**Your goal:** Return, from the data below, each line that contains the word "product".

**Data:**
------------
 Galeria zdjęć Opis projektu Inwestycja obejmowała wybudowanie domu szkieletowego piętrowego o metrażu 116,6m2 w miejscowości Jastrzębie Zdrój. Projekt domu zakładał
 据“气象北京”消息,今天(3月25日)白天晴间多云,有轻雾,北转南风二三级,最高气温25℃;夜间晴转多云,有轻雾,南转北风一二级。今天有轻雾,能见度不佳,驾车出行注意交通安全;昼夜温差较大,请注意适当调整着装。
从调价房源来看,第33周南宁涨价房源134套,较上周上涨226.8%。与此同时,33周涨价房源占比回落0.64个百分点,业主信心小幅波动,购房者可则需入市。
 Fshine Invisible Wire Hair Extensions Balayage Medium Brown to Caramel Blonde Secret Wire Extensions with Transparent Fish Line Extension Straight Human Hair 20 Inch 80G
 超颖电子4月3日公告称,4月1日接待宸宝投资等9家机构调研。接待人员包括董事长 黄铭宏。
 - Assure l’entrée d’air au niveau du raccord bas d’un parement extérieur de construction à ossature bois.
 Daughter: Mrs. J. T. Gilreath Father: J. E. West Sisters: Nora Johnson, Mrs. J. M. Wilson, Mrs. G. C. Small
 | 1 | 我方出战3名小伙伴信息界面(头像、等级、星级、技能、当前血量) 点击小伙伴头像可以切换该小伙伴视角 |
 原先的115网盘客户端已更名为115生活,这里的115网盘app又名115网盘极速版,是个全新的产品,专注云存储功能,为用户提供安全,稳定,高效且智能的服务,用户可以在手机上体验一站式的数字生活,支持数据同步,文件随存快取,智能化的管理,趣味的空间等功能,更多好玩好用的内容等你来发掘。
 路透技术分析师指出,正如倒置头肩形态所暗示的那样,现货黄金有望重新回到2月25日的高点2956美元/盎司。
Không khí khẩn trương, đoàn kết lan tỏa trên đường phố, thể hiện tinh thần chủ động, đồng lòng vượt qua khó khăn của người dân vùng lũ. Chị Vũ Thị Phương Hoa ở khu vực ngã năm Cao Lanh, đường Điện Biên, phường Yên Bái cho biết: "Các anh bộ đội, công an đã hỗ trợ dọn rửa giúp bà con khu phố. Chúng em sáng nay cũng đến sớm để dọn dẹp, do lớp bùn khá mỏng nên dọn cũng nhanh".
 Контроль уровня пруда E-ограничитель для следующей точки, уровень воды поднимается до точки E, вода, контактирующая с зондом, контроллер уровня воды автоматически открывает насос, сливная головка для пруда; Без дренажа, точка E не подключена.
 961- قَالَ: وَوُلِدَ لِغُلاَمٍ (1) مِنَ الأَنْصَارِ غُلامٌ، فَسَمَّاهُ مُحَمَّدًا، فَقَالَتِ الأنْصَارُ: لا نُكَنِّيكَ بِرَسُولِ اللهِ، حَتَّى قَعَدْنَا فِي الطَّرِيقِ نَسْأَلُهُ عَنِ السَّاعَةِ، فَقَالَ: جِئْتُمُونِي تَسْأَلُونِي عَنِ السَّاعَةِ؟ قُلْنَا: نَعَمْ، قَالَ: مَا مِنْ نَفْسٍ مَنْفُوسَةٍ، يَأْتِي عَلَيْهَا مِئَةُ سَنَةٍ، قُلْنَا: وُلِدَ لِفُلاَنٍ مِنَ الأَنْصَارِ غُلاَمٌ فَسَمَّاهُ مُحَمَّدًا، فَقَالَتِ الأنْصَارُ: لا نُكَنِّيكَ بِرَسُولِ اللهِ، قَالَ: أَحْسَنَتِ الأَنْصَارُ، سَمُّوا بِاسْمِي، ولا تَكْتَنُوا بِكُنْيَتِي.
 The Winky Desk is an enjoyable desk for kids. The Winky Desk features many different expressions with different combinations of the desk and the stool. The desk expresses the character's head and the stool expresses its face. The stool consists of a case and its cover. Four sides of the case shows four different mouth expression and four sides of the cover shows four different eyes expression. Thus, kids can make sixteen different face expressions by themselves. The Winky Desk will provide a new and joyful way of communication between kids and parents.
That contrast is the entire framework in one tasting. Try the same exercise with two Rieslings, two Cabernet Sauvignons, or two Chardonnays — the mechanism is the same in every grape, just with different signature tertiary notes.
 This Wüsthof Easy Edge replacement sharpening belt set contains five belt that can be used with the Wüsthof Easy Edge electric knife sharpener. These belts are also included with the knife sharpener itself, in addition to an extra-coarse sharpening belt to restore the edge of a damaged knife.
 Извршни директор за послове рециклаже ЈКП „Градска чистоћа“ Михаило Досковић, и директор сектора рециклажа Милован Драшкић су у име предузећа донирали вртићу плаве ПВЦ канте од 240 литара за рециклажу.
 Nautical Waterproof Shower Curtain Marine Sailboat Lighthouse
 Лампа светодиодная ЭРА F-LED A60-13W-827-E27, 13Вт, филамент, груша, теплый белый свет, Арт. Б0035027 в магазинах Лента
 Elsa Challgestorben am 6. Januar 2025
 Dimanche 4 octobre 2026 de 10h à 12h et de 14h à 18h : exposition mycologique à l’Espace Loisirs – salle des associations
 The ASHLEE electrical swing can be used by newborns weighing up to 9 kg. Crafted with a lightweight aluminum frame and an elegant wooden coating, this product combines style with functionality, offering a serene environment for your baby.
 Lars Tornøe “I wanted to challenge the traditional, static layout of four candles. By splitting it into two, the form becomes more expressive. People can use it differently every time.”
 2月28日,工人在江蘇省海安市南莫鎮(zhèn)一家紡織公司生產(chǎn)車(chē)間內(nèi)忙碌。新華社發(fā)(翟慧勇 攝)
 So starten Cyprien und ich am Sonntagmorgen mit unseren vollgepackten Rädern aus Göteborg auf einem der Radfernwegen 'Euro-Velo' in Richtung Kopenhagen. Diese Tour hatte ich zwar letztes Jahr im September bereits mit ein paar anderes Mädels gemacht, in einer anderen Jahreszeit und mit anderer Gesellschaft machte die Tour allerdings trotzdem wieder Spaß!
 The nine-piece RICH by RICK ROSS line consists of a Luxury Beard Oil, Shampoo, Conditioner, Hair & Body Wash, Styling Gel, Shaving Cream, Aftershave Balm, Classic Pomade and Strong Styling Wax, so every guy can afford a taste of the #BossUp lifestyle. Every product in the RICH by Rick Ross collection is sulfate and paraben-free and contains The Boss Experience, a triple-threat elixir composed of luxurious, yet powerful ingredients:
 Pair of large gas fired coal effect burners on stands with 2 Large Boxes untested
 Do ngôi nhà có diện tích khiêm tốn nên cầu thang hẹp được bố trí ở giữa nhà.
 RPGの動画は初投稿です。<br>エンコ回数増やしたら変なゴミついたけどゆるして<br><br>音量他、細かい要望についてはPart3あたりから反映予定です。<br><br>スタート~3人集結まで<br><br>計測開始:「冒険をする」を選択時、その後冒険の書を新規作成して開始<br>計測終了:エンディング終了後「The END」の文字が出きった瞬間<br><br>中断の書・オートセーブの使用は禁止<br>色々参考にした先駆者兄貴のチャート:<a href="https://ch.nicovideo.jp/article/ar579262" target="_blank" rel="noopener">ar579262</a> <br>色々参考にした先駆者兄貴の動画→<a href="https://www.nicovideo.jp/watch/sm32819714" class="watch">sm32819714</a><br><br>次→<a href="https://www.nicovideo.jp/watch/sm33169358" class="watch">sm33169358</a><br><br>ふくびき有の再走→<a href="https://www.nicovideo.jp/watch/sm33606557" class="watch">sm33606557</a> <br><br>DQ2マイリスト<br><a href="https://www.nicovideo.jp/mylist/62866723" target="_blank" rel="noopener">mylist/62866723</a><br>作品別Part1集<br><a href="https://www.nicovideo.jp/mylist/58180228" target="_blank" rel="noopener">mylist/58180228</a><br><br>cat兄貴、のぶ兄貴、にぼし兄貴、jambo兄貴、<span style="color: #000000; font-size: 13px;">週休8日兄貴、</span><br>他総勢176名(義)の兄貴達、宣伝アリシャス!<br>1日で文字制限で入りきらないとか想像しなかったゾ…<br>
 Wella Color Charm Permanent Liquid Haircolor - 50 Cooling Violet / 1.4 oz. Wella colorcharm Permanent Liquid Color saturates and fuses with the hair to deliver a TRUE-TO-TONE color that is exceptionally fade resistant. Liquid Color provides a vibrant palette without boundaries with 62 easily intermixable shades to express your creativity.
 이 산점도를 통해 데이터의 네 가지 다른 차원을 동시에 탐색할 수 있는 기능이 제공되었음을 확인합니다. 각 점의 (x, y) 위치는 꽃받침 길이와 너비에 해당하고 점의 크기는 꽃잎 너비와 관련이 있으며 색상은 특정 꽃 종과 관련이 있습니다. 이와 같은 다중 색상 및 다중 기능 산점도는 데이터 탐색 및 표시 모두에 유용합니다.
------------
**Result:**
 The ASHLEE electrical swing can be used by newborns weighing up to 9 kg. Crafted with a lightweight aluminum frame and an elegant wooden coating, this product combines style with functionality, offering a serene environment for your baby.
 The nine-piece RICH by RICK ROSS line consists of a Luxury Beard Oil, Shampoo, Conditioner, Hair & Body Wash, Styling Gel, Shaving Cream, Aftershave Balm, Classic Pomade and Strong Styling Wax, so every guy can afford a taste of the #BossUp lifestyle. Every product in the RICH by Rick Ross collection is sulfate and paraben-free and contains The Boss Experience, a triple-threat elixir composed of luxurious, yet powerful ingredients:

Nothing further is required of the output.